Hope you like the CD. It's the new album if you didn't know. They even have an acoustic God is Able album. Soo sick. If you're figuring out the tracklist, just google the album's song list! Haha. It's good to know the names of the songs.
Dang. I would love to see Hillsong in concert. Or Jesus Culture. Dang I wish I could give you Jesus Culture's Come Away album. So good. Hopefully I get to see Chris Tomlin on the 10th of September.
I do also want to apologize for not having the power to say no too. As a man, I should be able to lead, especially when it came to decisions like that. I should not have given in. Our convictions became so stagnant, and we would always think its the last time. So yes, I do apologize.
Tonight I didn't know what to do. I wanted to talk to you. But I didn't. I don't think I can talk to you for a while, especially at these kind of events where Pastor Steve and Auntie Bella are there, haha. Even Pastor Caleb. But they gave me a good talk, just looking out for me. They know I'm a leader in my church and want my heart to be set right before I serve God again. They want me to come into repentance. So at the end of Pastor's talk to me, I asked him to pray for me. It was cool because I don't really know him too well, yet they were looking out for me. Showing compassion. Which was cool. It was a bit weird cause I don't know them too well. Oh well.
I asked Nick to pray for me. It was funny, I was going to go up to Nick, but you immediately went to Imari.
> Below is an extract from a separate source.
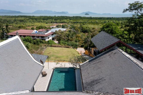 A fully functional kitchen built to the highest of western standards with top quality appliances is set in the north corner of the villa. Flowing from the kitchen, the 7m high vaulted roof with a sweeping ceiling fan steps down into the window-lined dining room with terracotta floor tiles, capable of seating 10 guests at the solid teak dining table. A traditional covered massage/yoga sala plus stunning views of Krabia€™s a€˜cliff islandsa€™ sits outside the dining area and will surely be the toast of any dinner party.
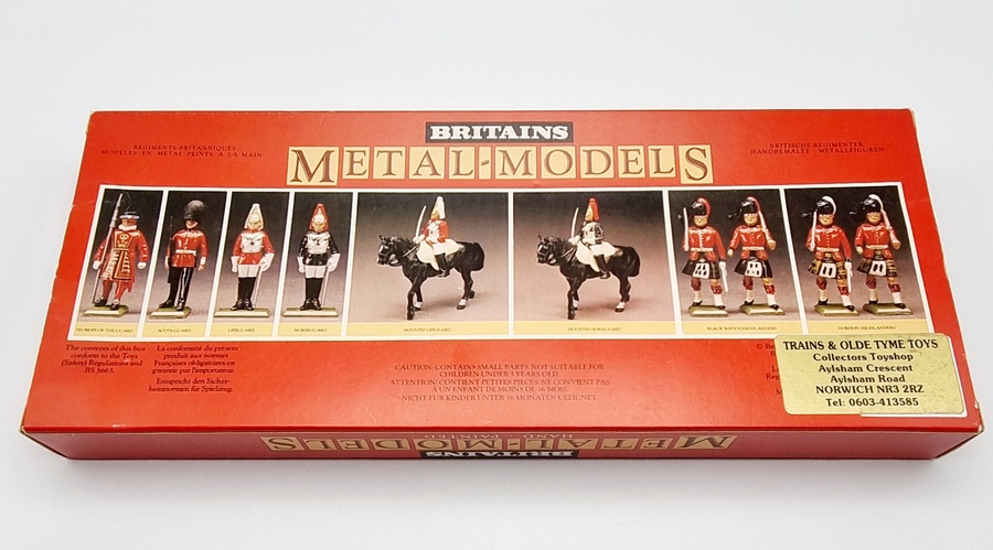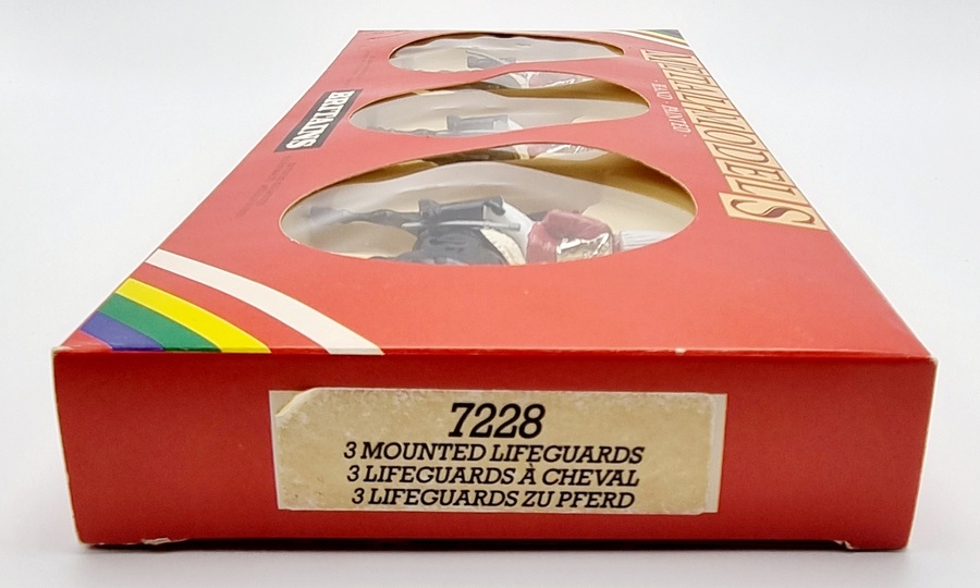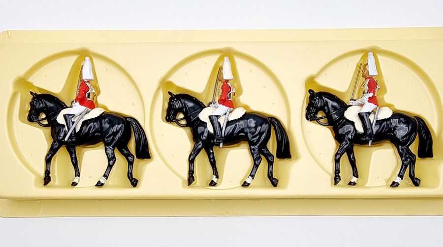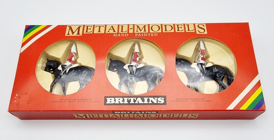 Uit de Britains Metal-Models serie drie handbeschilderde Mounted Lifeguards in originele rode vensterdoos. Catalogus nummer 7228 uit 1986. |

So it'd be awkward if we both went up at the same time. So I just came to him later. It's cool seeing how much he's grown. Praise God. I was honest with him and told him what I've strugged with, and how I'm trying to repent from it and have God take my life into a different direction. His prayer was powerful.
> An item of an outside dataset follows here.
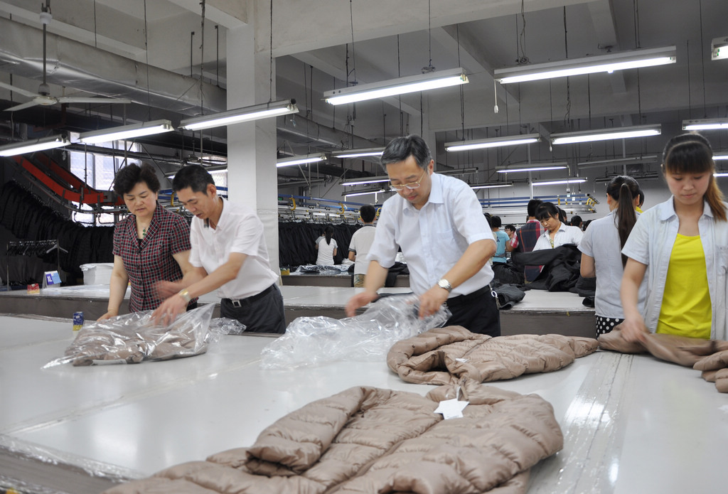 当前,省总工会正在深入开展党的群众路线教育实践活动,马主席此行来到三友集团,带头“下基层、接地气”,真正地从基层一线了解企业的生产经营状况、基层工会工作和职工的思想动态、工作环境,通过最直接的方式联系职工、贴近职工、体验劳动。座谈会后,马主席一行走进生产一线,首先亲切看望了集团“特殊车间”的老员工。接着来到整烫车间,与职工们进行了亲切交谈并加入到职工们的生产队伍,与职工一起劳动,帮助车间穿吊牌、套袋子、装箱。在进行短暂“培训”后,马主席和潘部长很快就成为了“熟练工”,他们在努力完成“本职工作”的同时,还不忘与职工们“比比高下”,大家干得热火朝天。他们的加入,极大地鼓舞了职工们的士气,也在车间形成了一派和谐热闹的生产场景。

I'm pretty happy. God has been good. Even though I still find myself irritated by my parents easily because they are always mad at me once they see me and tell me not to screw up my life everyday. They pretty much shove academics down my throat.
Have fun in school. Do well, and just be loving towards everyone.
I'm actually fine at letting go of this. I do miss you. But God has given me such a great support of believers, that they'll be here for me when I'm going through tough times. I'm happy that I have people to keep me accountable and encourage me.
But I'm pretty sure we'll be able to talk again one day. Yeah. God-willing. Sorry my blogs aren't that long. I don't like making things extravagant. I like it when you do though. Thanks for your blogs.
Good luck with school, take care Jenni.